# Exercise
Nothing in the copy should be a picture; everything else in the listing is to be restated exactly.

# Data shown
..............................

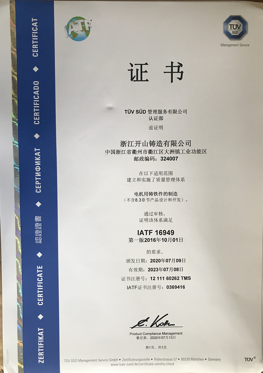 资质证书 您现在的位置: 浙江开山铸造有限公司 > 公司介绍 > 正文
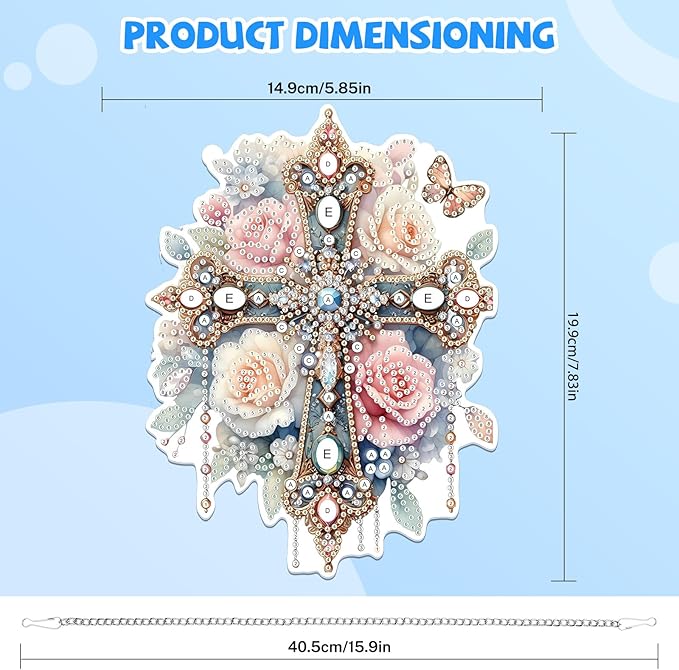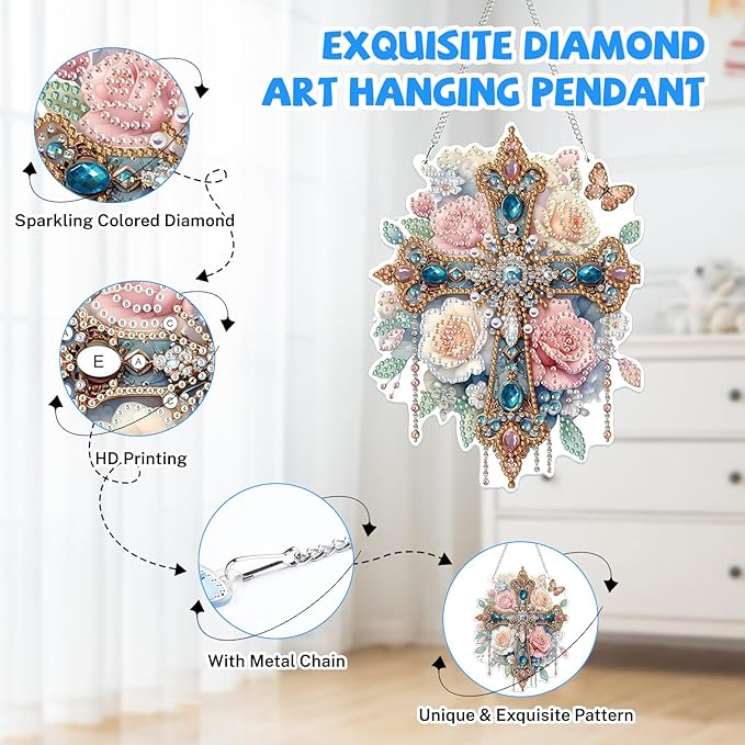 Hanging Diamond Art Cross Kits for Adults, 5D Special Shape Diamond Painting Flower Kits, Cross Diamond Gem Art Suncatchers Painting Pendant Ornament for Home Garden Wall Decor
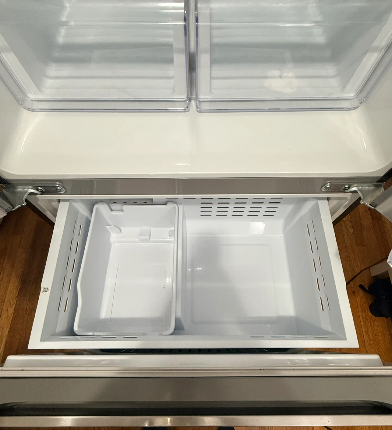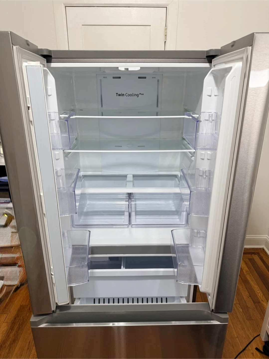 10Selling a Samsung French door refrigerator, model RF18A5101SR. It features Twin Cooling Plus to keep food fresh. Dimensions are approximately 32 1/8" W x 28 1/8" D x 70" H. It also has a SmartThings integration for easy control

..............................

# Answer space
 资质证书 您现在的位置: 浙江开山铸造有限公司 > 公司介绍 > 正文
 Hanging Diamond Art Cross Kits for Adults, 5D Special Shape Diamond Painting Flower Kits, Cross Diamond Gem Art Suncatchers Painting Pendant Ornament for Home Garden Wall Decor
 10Selling a Samsung French door refrigerator, model RF18A5101SR. It features Twin Cooling Plus to keep food fresh. Dimensions are approximately 32 1/8" W x 28 1/8" D x 70" H. It also has a SmartThings integration for easy control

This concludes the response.